I’m not against Matt and all the other people behind Akismet but I really need to know why, why, why you need to know so much useless informations from my blog?我不反对马特和所有其他人背后的akismet ,但我真的需要知道,为什么,为什么,为什么您需要知道这么多无用的信息,从我的博客? Why the comment ID why the absolute path of my script installation?为什么评论身份证,为什么绝对路径我的脚本安装?

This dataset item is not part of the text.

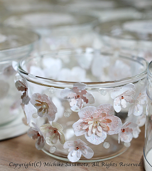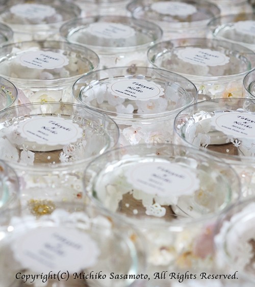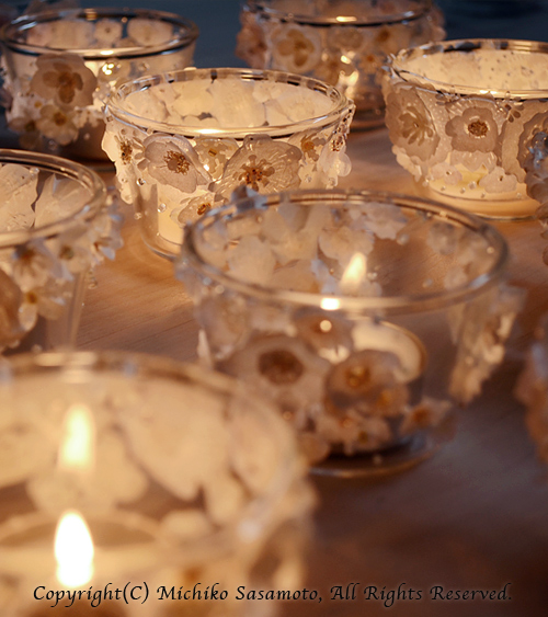 宴では、本作に入れたティーライトを灯し、終わりには、ゲストに自由に選びお持ち帰り頂きました。

So long and all the best,只要和所有最好的,
Roland罗兰
January 16th, 2007 at 8:50 am 2007年1月16日在上午8时50分
An addition to my previous post. 1 ,除了我以前的职位。 I’m saying this to Matt not to Angsuman.我说,这是马特不是由Angsuman 。
August 1st, 2007 at 5:53 pm 2007年8月1日在下午5时53分
Don’t forget that Akismet is integrated into other tools too, such as the cakePHP framework so some of that info will be relevant there.不要忘记, akismet是集成到其他工具也如cakephp框架,使一些该信息将有关。
I’m with you on the server path type of thing but the actual calling script is probably important for identifying the weak points (or high traffic points ) on a site.我与你在该服务器上的路径类型的事情,但实际要求脚本可能是重要的确定薄弱点(或高流量点)的一个网站上。 More for future development than current spam detection.更多的为未来的发展比目前的垃圾邮件检测。
I wouldn’t be blogging today if it wasn’t for Akismet and Bad Behaviour - as it is I have all comments on moderation anyway… it’s that bad!我不会博客,今天如果不是akismet和坏的行为-因为这是我的所有评论温和无论如何… …它的坏!